Roentgen Medal 2017 for Henry Chapman
DESY scientist Henry Chapman will be awarded the Roentgen Medal by the city of Remscheid on Saturday, 8 April 2017. The town in which Wilhelm Conrad Roentgen was born has been presenting this award annually since 1951 to individuals who have made outstanding contributions towards improving and advancing the use of the radiation discovered by Roentgen. Henry Chapman, a Leading Scientist at DESY and professor at the University of Hamburg, has been awarded the Medal in recognition of his pioneering work on the application of X-ray lasers for determining the structure of biological macromolecules.
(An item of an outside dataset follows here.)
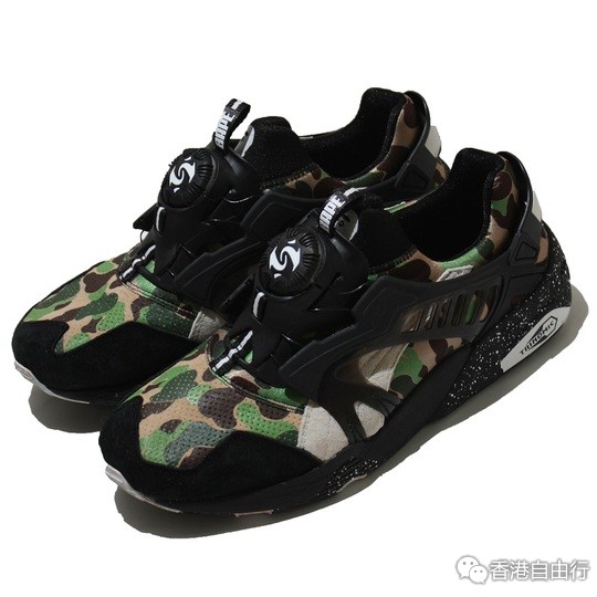 系列包括鞋履和服饰,皆以BAPE®的signature CAMO®图案注入PUMA的功能性运动gear之中。鞋款R698和Disc Blaze用上BAPE®的迷彩包装之后,令人眼前一亮,感觉犹如获得重新!至于服饰,当然不少得BAPE®最卖得的皇牌鯊鱼拉錬外套,而且所有迷彩同款更细心备有灰黑和绿色供大家选择,怕carry不到一身绿迷彩,选黑色就最好。

Henry Chapman is head of the department for Coherent X-Ray Imaging at the Center for Free-Electron Laser Science, jointly operated by DESY, the University of Hamburg and the Max Planck Society. Chapman’s team develops sophisticated new experimental techniques for making use of the excellent new opportunities offered by free-electron lasers (FEL). The X-ray pulses produced by these devices can be up to a billion times more intense and a thousand times shorter than those from conventional synchrotron radiation sources. The aim is to use the laser-like beams to see the structure and the dynamics of proteins and their complexes—the molecular machines of life. But doing so calls for entirely new equipment and methods of 3D imaging, such as X-ray holography and atomic-scale diffraction tomography.
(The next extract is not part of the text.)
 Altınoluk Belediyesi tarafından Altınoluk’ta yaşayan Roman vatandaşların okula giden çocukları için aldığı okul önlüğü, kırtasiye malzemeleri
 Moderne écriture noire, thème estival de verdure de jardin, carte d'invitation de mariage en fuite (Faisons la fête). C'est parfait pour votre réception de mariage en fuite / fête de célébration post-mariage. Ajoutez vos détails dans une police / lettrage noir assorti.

Chapman carried out ground-breaking experiments at DESY’s free-electron laser FLASH and SLAC’s Linac Coherent Light Source LCLS in California. Among other things he showed that the short FEL pulses can provide atomic-scale images of the structure of nanocrystals before the crystals are destroyed by the radiation from the laser. This method called “diffraction before destruction” overcomes previous limitations to studying such materials with X-ray beams, and forms the basis for exploiting the full research potential of the new generation of X-ray lasers, such as the European XFEL, which is to go into operation this year. Chapman has already used the method, for example, to establish the structure of a parasitic protein, the enzyme cathepsin B, in the pathogen that causes tropical sleeping sickness.
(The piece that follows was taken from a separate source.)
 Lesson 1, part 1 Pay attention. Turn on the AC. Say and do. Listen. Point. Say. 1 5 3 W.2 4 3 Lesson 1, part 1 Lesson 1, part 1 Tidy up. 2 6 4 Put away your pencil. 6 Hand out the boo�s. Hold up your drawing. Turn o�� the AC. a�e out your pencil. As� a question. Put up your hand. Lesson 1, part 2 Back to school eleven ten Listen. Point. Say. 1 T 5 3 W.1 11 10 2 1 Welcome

Another breakthrough achieved by Chapman was in the field of conventional X-ray crystallography: in 2016, he and his team discovered a method for deciphering the structure of complex biomolecules at high resolutions, without the need for the perfectly ordered crystals hitherto required. Contrary to the established wisdom, he showed that slightly disordered crystals, which are much easier to grow and prepare, actually give superior information for unravelling the structure of proteins.